去年の暮れあたりから、首筋、肩、背筋、肩甲骨周辺、腰、そこらじゅうが凝って凝って、酷いときには首が回らないほど。
このまま放置すれば仕事にも朝晩の夫婦生活にも差し支えるのではと思える状態で、見るに見かねた妻が、以前何度か行ったことのあるという駅前の按摩屋を紹介してくれた。

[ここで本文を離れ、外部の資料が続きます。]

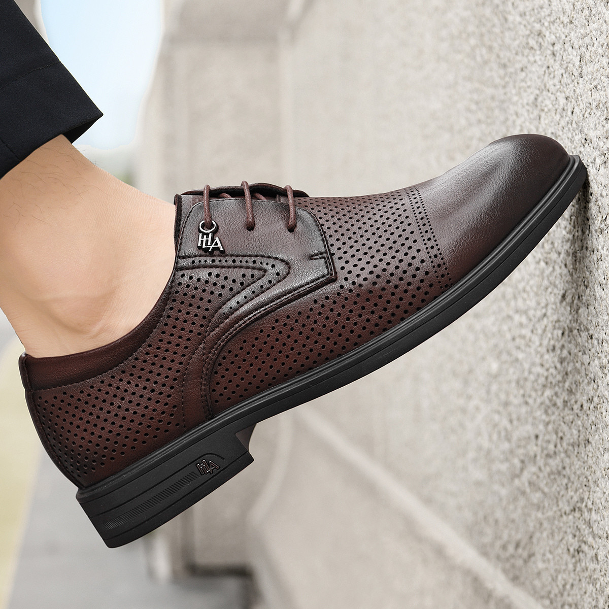 男士商务休闲鞋镂空透气冲孔鞋男商务通勤皮鞋子男 776975
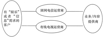 如圖1所示,雖然兩者使用的技術不同,但它們有一個相同的運營組織結構,也就是說,客戶、運營系統(tǒng)和業(yè)務/內(nèi)容提供商是它們競爭的3要素,下面將從這幾個方面對IPTV與“數(shù)字電視”的競爭做簡要的分析。

店の前まで妻に連れて行ってもらい、一時間後にまたここで、ということにして僕だけそろっと中に入って見てみると、なかなか広いスペースに10ほどのカーテンに仕切られた個室が並んでいる。
按摩と客との会話らしき声も聞こえてくる。
それぞれの個室の中で、お客が按摩に揉まれ倒され組んずほぐれつしているのだろうと思う。
入り口にある受付のおばちゃんは、僕の顔を見るなり「ご指名、あります?」と、店内の雰囲気と相まって、まるで場末の風俗店の遣り手ばばぁを思い出させる。
初めて来て指名もへったくれもなかったので「誰でもいいです」ということにして、部屋の隅にある待合に座って週刊女性を読みながら待っていると、5分ほどで「お待ちの方どうぞ」と呼ばれた。
受付のおばちゃんは僕を一番奥の個室に誘導すると「それではお願いします」と按摩に言い残して、すぅーっとカーテンを引いて退いた。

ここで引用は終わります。